Data records Block Start
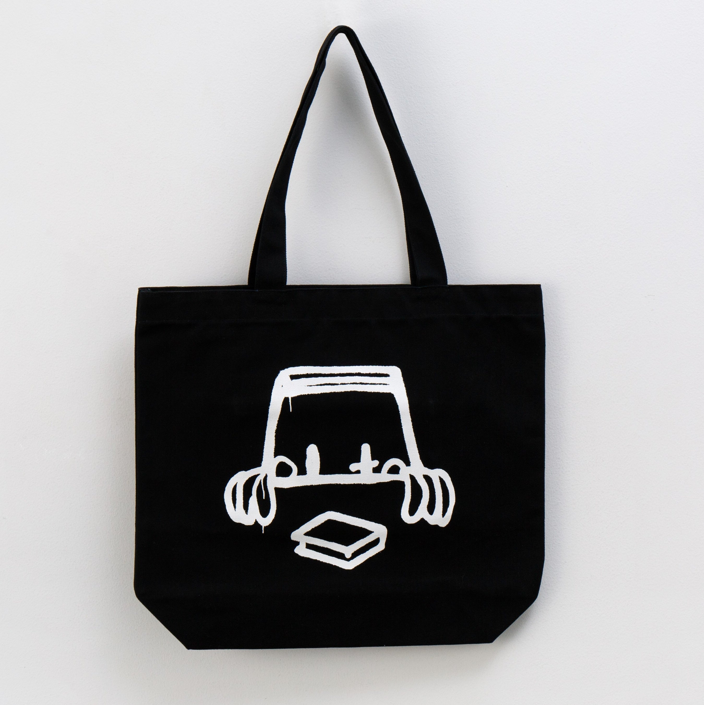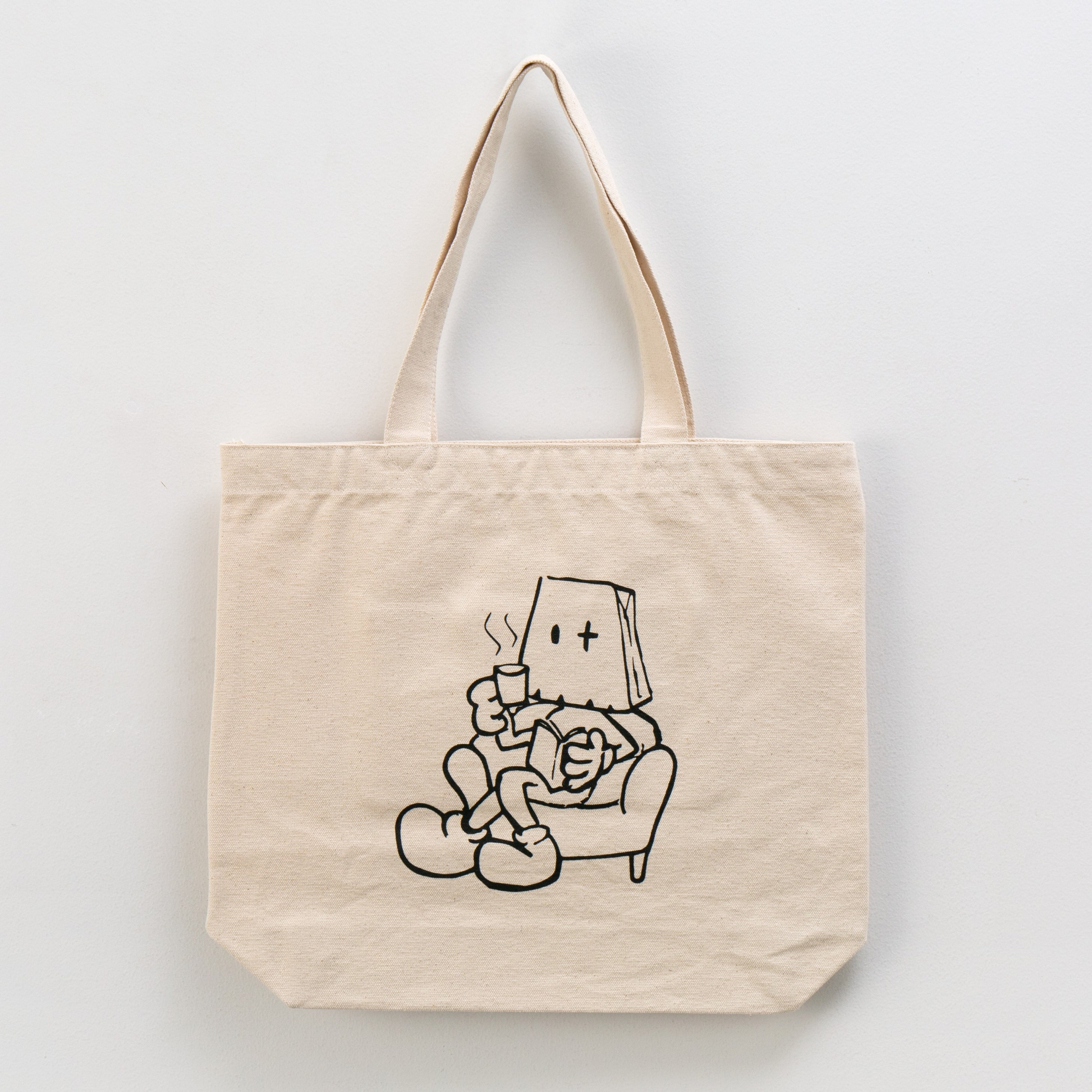 トートバッグはキャンバス地の馴染みやすい素材を使用し、本やA4ファイルがすっぽりと入るサイズ感です。普段のコーディネートにも邪魔にならないデザインです。
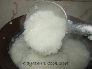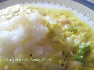 Procedure: 1. Heat water in a mud pot. When it starts boiling, transfer 3/4th of the water to another bowl. 2. Add washed and soaked rice and salt. Add a teaspoon of till oil to prevent the water from oozing out. 3. Cook rice till mushy. Add hot water at regular intervals. Cook on medium high flame. Stir it continuous to avoid burning of the bottom. 4. When cooked, cover and switch off flame. 5. Pressure cook mochai payaru with turmeric powder and a tsp of till oil for 15 minutes.(when the first whistle blows, switch flame to low and let it cook for 15 minutes ) 6. In a pan, heat oil and add mustard, urad dhal and curry leaves. 7. When splutters add onion and green chillies. Saute till translucent. 8. Add the cooked payaru. Add salt to taste. 9. When it boils add grated coconut and let it boil for one more minute. 10. Remove from flame and garnish with coriander leaves. 11. When serving, dip a ladle in water and take the rice with that ladle. This prevents sticking of the rice to ladle. 12. Pour some gravy to the side of rice. 13. Drizzle 1tbs ghee on the gravy. 14. Enjoy.
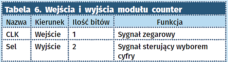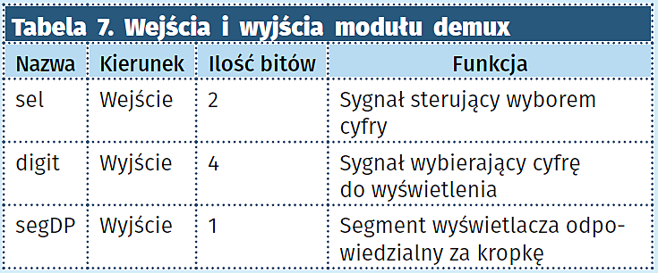 - demux. Demultiplekser wybiera cyfrę do wyświetlenia, dodatkowo włącza kropkę oddzielającą część dziesiętną wartość temperatury. Wejścia i wyjścia tego modułu opisano w tabeli 7.
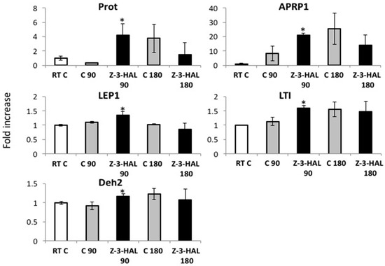 At this time point, the maize seedlings were already 120 min at 4 °C. There was no significant difference in the transcript levels of all of the selected genes 180 min after Z-3-HAL (210 min at 4 °C), however, the Z-3-HAL-treated maize seedlings appear to show a tendency for an earlier reduction in transcript accumulation than their respective controls.
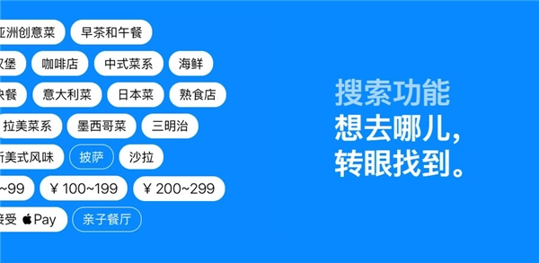 在地图app中搜索你所需的信息,既快速又轻松你可以使用过滤功能,根据菜系风味、价格区间、是否提供外卖等条件,有针对性地搜素餐厅,还可以只查看正在营业的餐厅;
Data records Block End
Above are the records. Copy exactly, and only, the lines from the line containing "At this time" through the last one, omitting any pictures.

#### Result of this task
 At this time point, the maize seedlings were already 120 min at 4 °C. There was no significant difference in the transcript levels of all of the selected genes 180 min after Z-3-HAL (210 min at 4 °C), however, the Z-3-HAL-treated maize seedlings appear to show a tendency for an earlier reduction in transcript accumulation than their respective controls.
 在地图app中搜索你所需的信息,既快速又轻松你可以使用过滤功能,根据菜系风味、价格区间、是否提供外卖等条件,有针对性地搜素餐厅,还可以只查看正在营业的餐厅;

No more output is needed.